Aim of the task:
Exact copies of the lines below, from the one with "Obwohl ich noch" up to and including the one with "待我们把采摘的一篮子椿芽儿拎", are what this calls for; leave out pictures.

Dataset entries:
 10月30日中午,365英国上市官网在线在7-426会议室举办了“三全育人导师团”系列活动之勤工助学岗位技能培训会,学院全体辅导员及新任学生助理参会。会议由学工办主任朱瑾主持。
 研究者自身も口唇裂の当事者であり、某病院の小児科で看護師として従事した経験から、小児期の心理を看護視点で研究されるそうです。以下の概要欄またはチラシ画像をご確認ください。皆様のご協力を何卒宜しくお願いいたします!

---

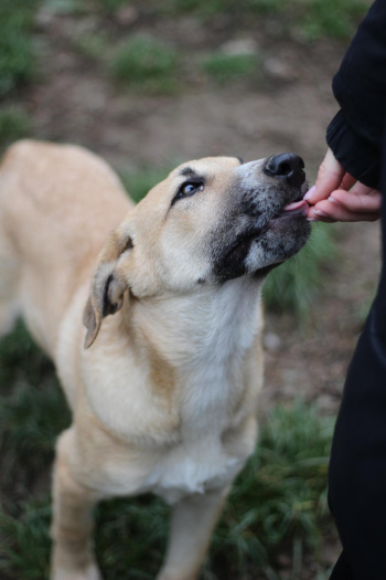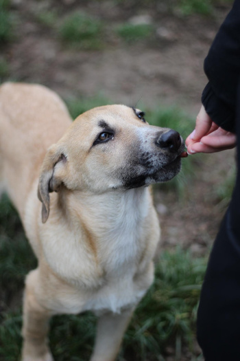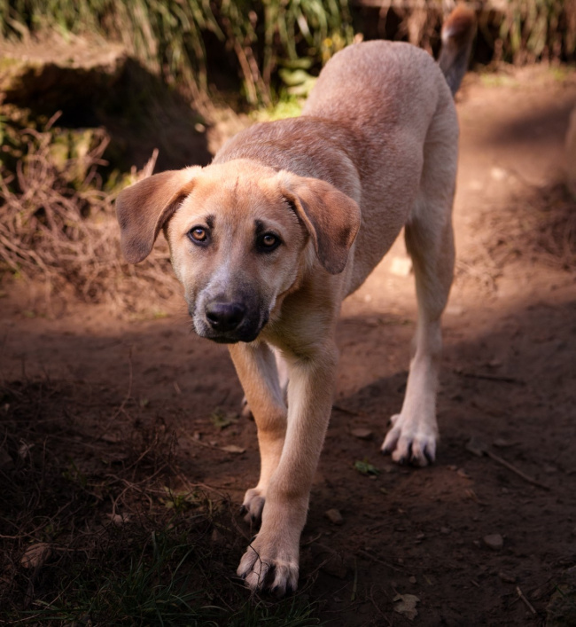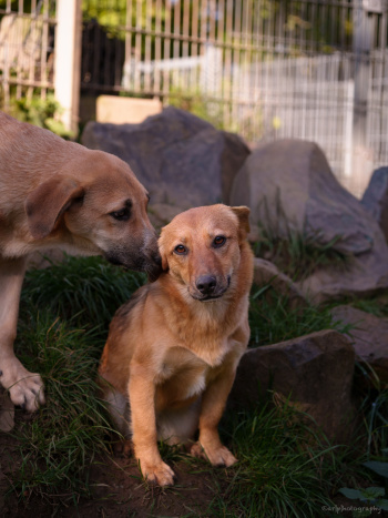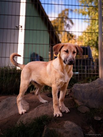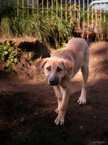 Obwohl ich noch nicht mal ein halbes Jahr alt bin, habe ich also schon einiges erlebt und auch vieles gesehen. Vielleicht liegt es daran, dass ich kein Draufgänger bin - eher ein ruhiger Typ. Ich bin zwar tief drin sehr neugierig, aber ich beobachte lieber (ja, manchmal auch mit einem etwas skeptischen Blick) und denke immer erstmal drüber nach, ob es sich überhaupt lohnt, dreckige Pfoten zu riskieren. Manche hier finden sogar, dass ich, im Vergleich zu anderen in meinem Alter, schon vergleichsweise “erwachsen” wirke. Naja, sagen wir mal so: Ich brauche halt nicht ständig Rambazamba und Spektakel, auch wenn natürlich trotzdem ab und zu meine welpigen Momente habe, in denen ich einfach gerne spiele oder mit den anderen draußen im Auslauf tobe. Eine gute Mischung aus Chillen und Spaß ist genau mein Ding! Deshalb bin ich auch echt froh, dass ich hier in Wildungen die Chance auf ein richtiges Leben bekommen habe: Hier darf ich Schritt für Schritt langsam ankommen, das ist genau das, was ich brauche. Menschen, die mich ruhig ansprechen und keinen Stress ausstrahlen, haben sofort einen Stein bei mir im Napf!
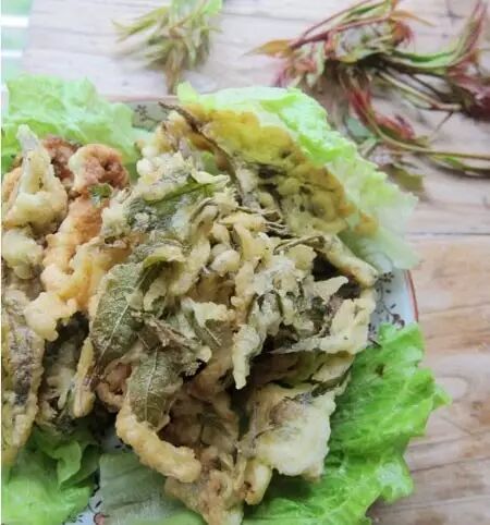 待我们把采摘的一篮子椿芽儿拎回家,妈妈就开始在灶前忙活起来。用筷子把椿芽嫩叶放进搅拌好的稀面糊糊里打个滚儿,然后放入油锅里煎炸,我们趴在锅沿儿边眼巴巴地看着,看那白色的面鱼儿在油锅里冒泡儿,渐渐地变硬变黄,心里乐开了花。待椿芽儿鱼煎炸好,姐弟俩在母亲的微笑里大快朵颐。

Exercise output:
 Obwohl ich noch nicht mal ein halbes Jahr alt bin, habe ich also schon einiges erlebt und auch vieles gesehen. Vielleicht liegt es daran, dass ich kein Draufgänger bin - eher ein ruhiger Typ. Ich bin zwar tief drin sehr neugierig, aber ich beobachte lieber (ja, manchmal auch mit einem etwas skeptischen Blick) und denke immer erstmal drüber nach, ob es sich überhaupt lohnt, dreckige Pfoten zu riskieren. Manche hier finden sogar, dass ich, im Vergleich zu anderen in meinem Alter, schon vergleichsweise “erwachsen” wirke. Naja, sagen wir mal so: Ich brauche halt nicht ständig Rambazamba und Spektakel, auch wenn natürlich trotzdem ab und zu meine welpigen Momente habe, in denen ich einfach gerne spiele oder mit den anderen draußen im Auslauf tobe. Eine gute Mischung aus Chillen und Spaß ist genau mein Ding! Deshalb bin ich auch echt froh, dass ich hier in Wildungen die Chance auf ein richtiges Leben bekommen habe: Hier darf ich Schritt für Schritt langsam ankommen, das ist genau das, was ich brauche. Menschen, die mich ruhig ansprechen und keinen Stress ausstrahlen, haben sofort einen Stein bei mir im Napf!
 待我们把采摘的一篮子椿芽儿拎回家,妈妈就开始在灶前忙活起来。用筷子把椿芽嫩叶放进搅拌好的稀面糊糊里打个滚儿,然后放入油锅里煎炸,我们趴在锅沿儿边眼巴巴地看着,看那白色的面鱼儿在油锅里冒泡儿,渐渐地变硬变黄,心里乐开了花。待椿芽儿鱼煎炸好,姐弟俩在母亲的微笑里大快朵颐。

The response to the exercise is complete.